Directions for this task:
Only the lines from the opening of the material through the line bearing "do tego pewności." should be reproduced, exactly and without pictures.

Supplied entries:

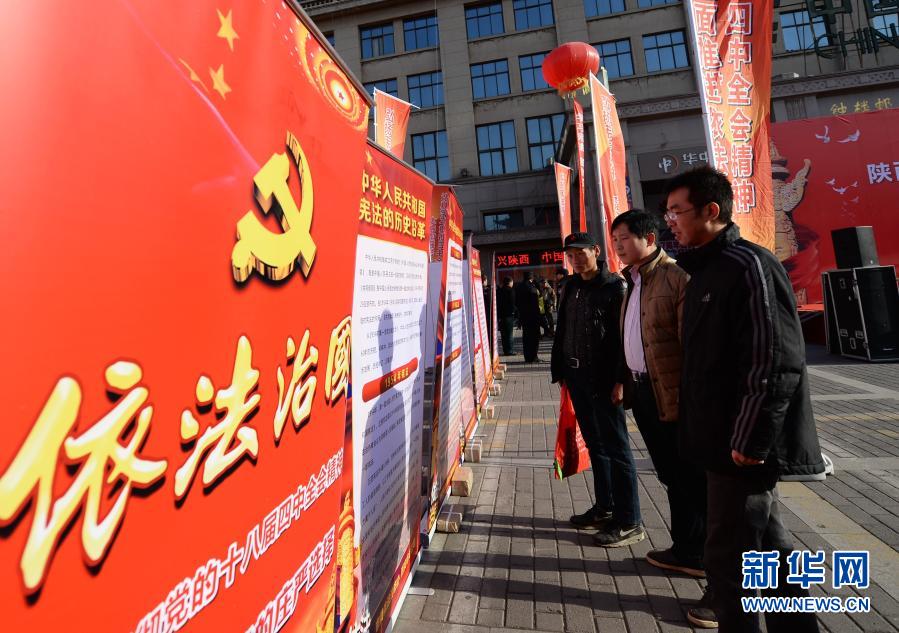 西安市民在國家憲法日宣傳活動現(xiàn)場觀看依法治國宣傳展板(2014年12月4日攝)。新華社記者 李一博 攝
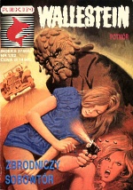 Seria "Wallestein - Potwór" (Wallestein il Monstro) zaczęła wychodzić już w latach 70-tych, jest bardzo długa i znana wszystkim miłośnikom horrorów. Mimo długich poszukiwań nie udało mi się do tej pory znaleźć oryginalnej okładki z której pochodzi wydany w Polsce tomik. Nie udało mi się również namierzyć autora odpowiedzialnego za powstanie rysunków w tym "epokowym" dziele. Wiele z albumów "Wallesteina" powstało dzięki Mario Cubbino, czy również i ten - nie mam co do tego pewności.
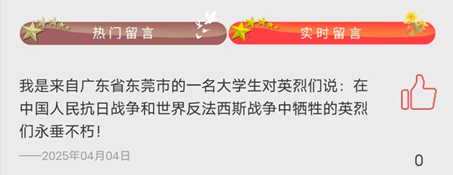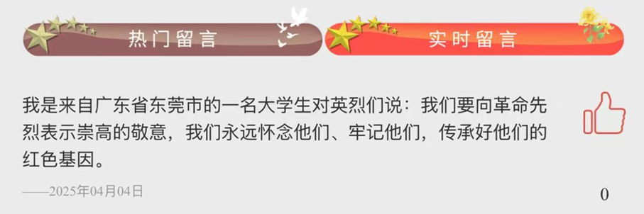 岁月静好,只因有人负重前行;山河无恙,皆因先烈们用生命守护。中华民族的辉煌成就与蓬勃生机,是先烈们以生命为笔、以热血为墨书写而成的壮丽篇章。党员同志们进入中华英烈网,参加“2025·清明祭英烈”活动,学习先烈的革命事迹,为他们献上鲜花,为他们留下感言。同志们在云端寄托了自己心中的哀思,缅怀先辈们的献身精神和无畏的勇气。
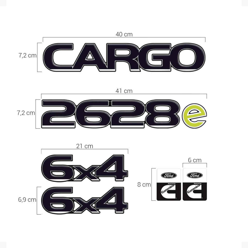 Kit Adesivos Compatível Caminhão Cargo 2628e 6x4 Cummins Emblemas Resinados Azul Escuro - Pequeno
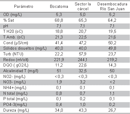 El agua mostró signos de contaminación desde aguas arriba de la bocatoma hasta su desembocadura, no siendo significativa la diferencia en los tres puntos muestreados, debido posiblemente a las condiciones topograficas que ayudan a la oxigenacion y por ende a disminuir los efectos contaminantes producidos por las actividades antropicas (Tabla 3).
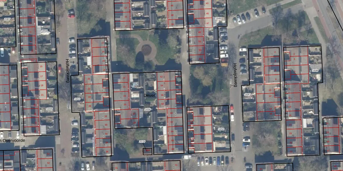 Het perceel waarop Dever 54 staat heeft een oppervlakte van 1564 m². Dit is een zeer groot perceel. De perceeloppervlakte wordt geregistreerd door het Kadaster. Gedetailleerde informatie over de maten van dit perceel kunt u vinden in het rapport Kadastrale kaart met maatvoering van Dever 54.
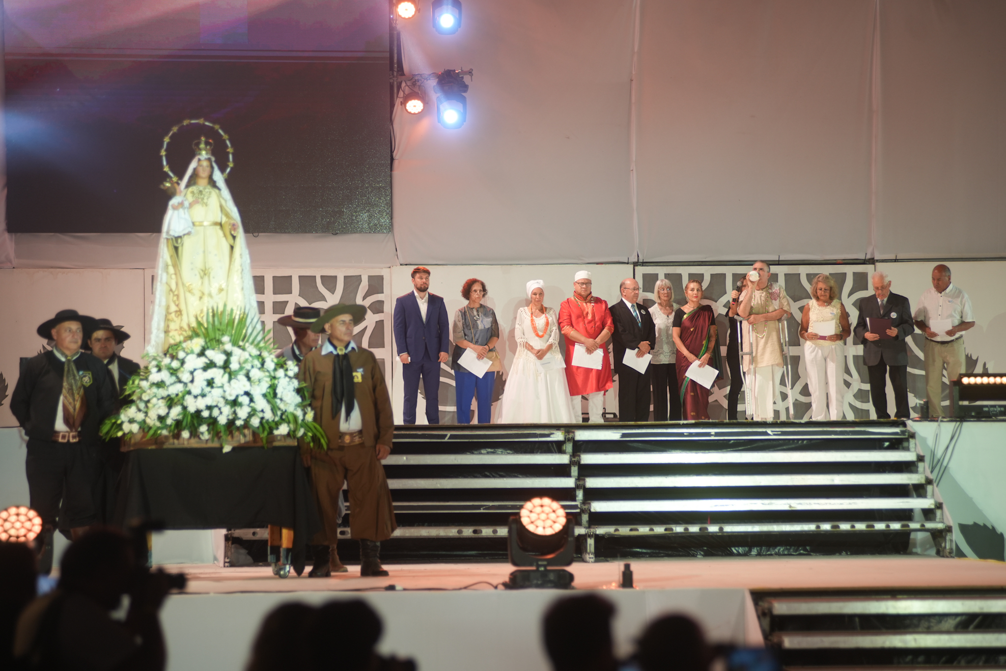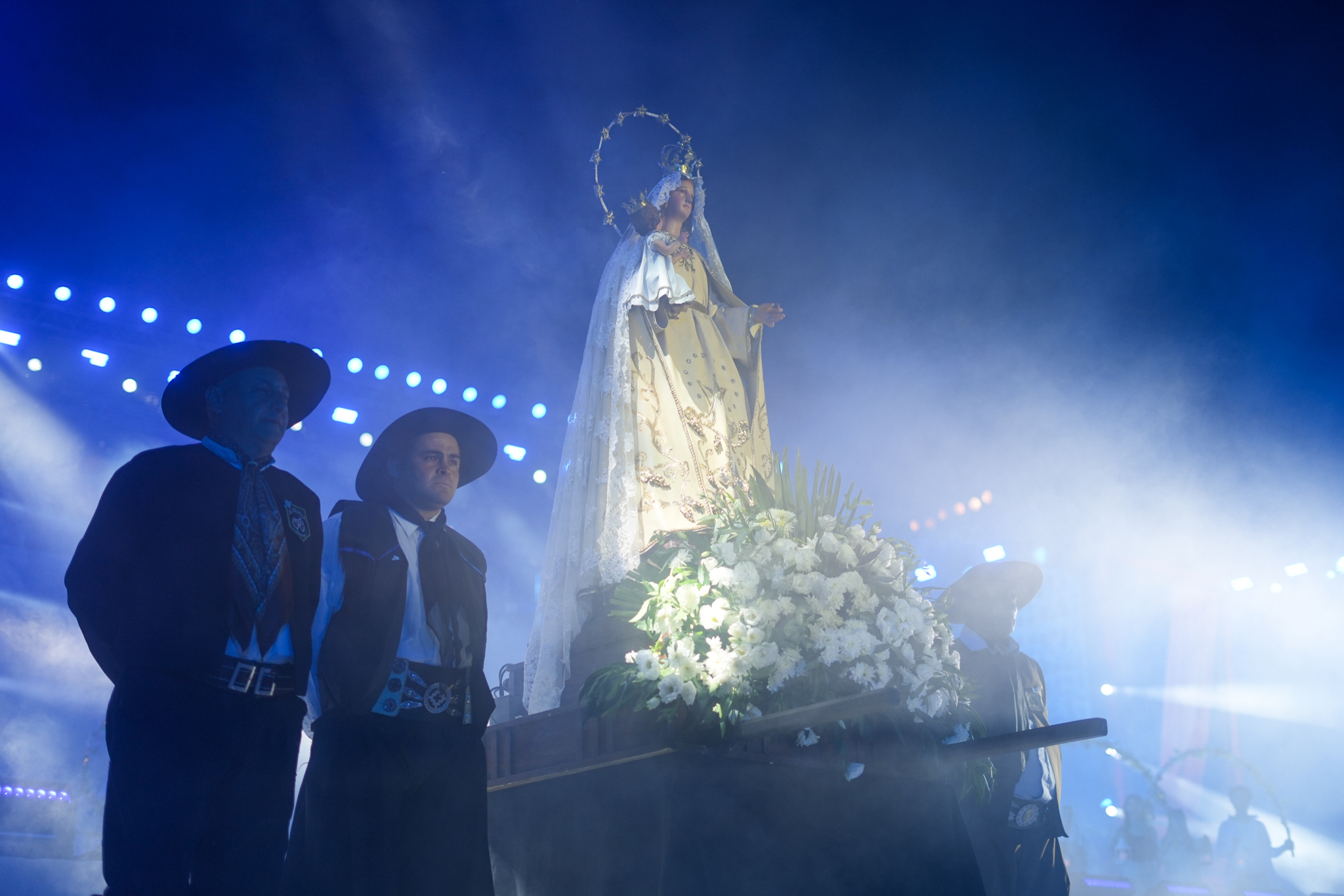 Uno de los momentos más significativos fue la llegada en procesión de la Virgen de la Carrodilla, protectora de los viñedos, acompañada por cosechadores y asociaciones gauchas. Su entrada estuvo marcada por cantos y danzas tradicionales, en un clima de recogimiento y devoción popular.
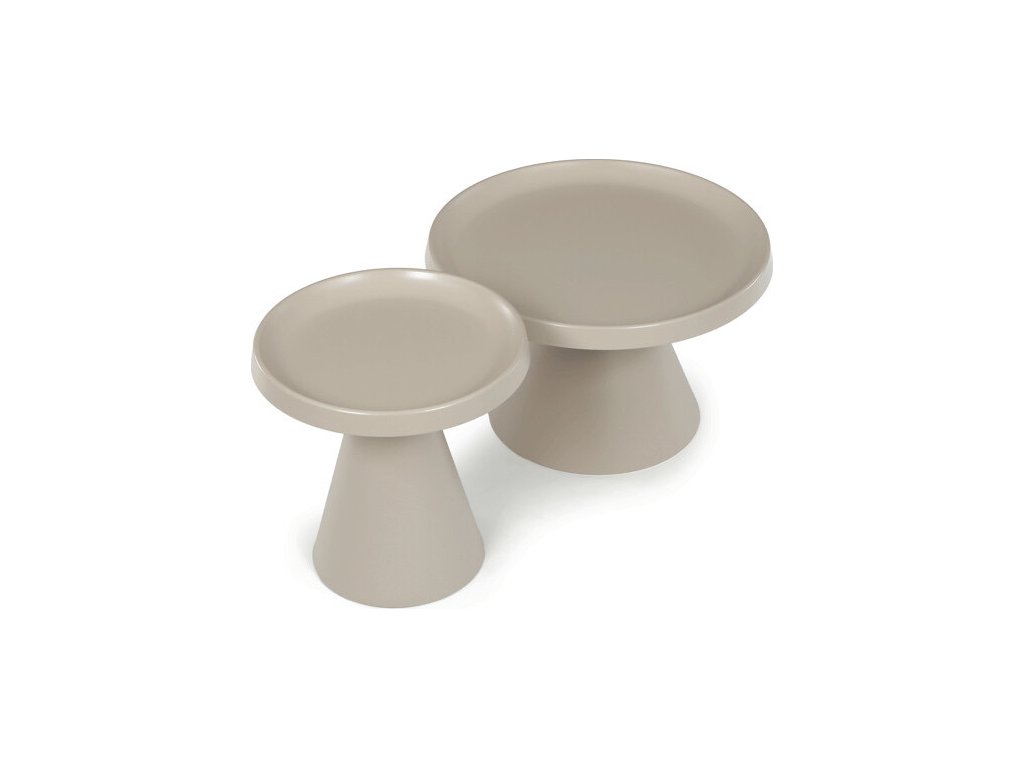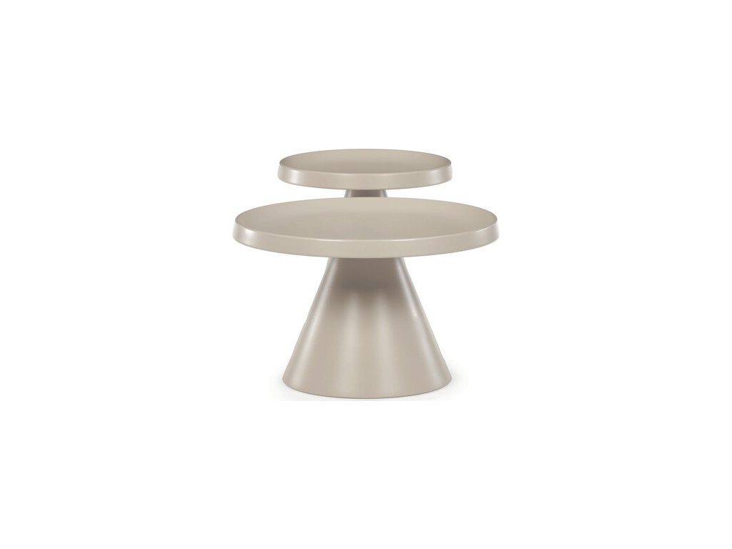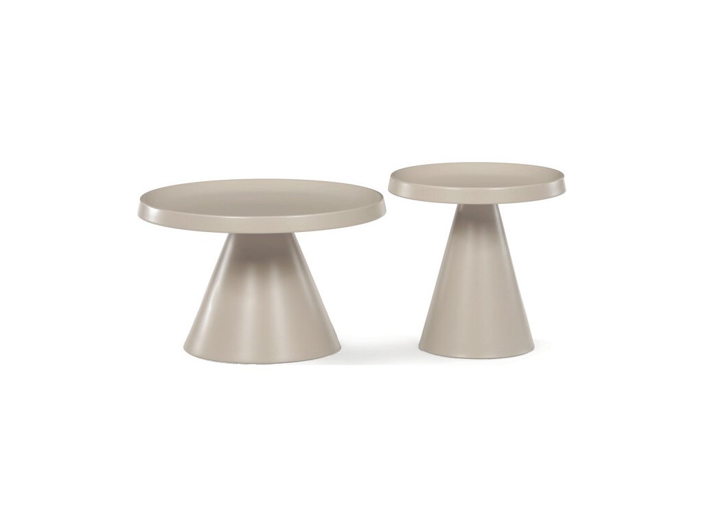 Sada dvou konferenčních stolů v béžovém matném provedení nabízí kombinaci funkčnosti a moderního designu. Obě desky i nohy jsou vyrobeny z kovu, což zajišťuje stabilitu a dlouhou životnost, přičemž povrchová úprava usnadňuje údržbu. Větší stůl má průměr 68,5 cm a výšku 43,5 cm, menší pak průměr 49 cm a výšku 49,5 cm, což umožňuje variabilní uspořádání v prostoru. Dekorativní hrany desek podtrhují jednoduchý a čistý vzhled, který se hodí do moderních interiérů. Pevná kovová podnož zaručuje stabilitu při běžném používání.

Result of this task:
 西安市民在國家憲法日宣傳活動現(xiàn)場觀看依法治國宣傳展板(2014年12月4日攝)。新華社記者 李一博 攝
 Seria "Wallestein - Potwór" (Wallestein il Monstro) zaczęła wychodzić już w latach 70-tych, jest bardzo długa i znana wszystkim miłośnikom horrorów. Mimo długich poszukiwań nie udało mi się do tej pory znaleźć oryginalnej okładki z której pochodzi wydany w Polsce tomik. Nie udało mi się również namierzyć autora odpowiedzialnego za powstanie rysunków w tym "epokowym" dziele. Wiele z albumów "Wallesteina" powstało dzięki Mario Cubbino, czy również i ten - nie mam co do tego pewności.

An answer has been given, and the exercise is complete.